Milwaukee Tool is looking to solve advanced analytical needs and improve efficiency, performance, and reliability of their data infrastructure
Requirements
- Enterprise data management
- Cloud infrastructure and data processing on Microsoft Azure
- Designing, building, and optimizing Azure data pipelines
- Azure data components (ADLS, ADF, Databricks, Synapse, or DevOps)
- SQL, Stored Procedures, Functions, and Triggers
- Designing and implementing Data Vault models using metadata driven frameworks
- RDBMS, data modeling, ETL development, and data storage
Responsibilities
- Develop and build sophisticated data analytics and pipelines, ensuring they are robust, scalable, and meet advanced analytical needs.

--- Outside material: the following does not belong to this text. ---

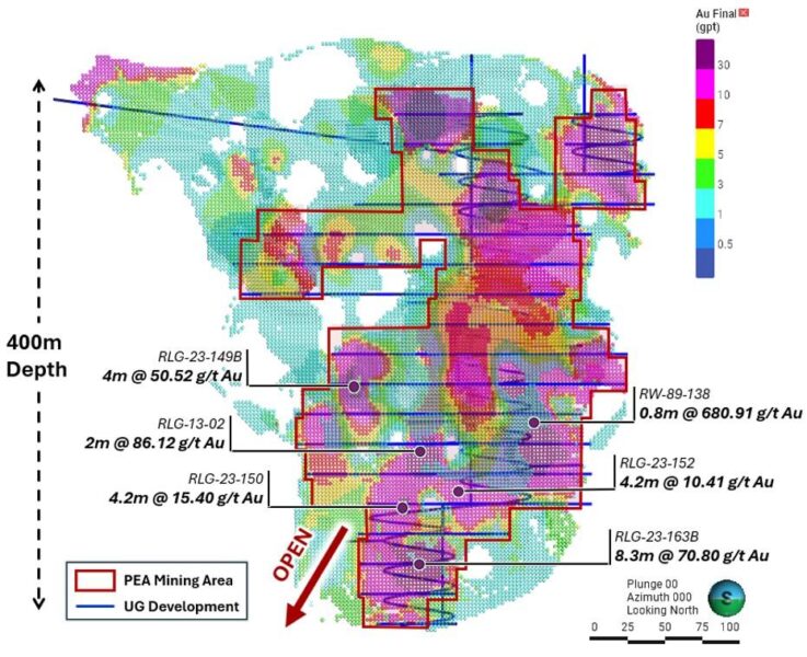 - Hole RLG-25-206 Intersected Vein 006 with 0.5m @ 41.50 g/t Au, from 76.0m to 76.5m. This intercept was complimented by visible gold spatially associated with quartz veining.
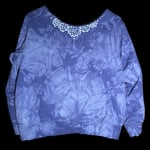 This XL sweatshirt features a stealie at the front neckline, a string of roses on the sleeves and along the the back neckline. Sweatshirt is a deep purple

- Optimize existing data infrastructure and workflows to improve efficiency, performance, and reliability.
- Apply advanced data engineering best practices, including data modeling and ETL processes to deliver high-quality solutions.
- Conduct thorough testing and validation of data pipelines and systems to ensure data accuracy, integrity, and performance standards are met.
- Identify business and data-related issues, using analytical and problem-solving skills to maintain system stability and efficiency.
- Maintain comprehensive documentation of data processes and pipelines.
- Stay current with emerging technologies and trends in data engineering and continuously seek ways to improve processes and technologies used within the team.
Other
- Master's degree in Computer Science, Information Systems, or related field, or foreign degree equivalent, and 2 years of relevant experience as an Engineer, or alternate related acceptable occupation; OR Bachelor's degree in Computer Science, Information Systems, or related field, or foreign degree equivalent, and 5 years of relevant experience as an Engineer or alternate related acceptable occupation.
- 20% of domestic and international travel required
- Provide technical guidance and mentorship to junior data engineers, offering support on complex issues and fostering professional growth within the team.
- Communicate and recommend solutions to stakeholders and communicate with team members regarding project progress and technical issues.
- Contribute to the planning and execution of data engineering projects, providing expertise and ensuring alignment with overall data strategy and project goals.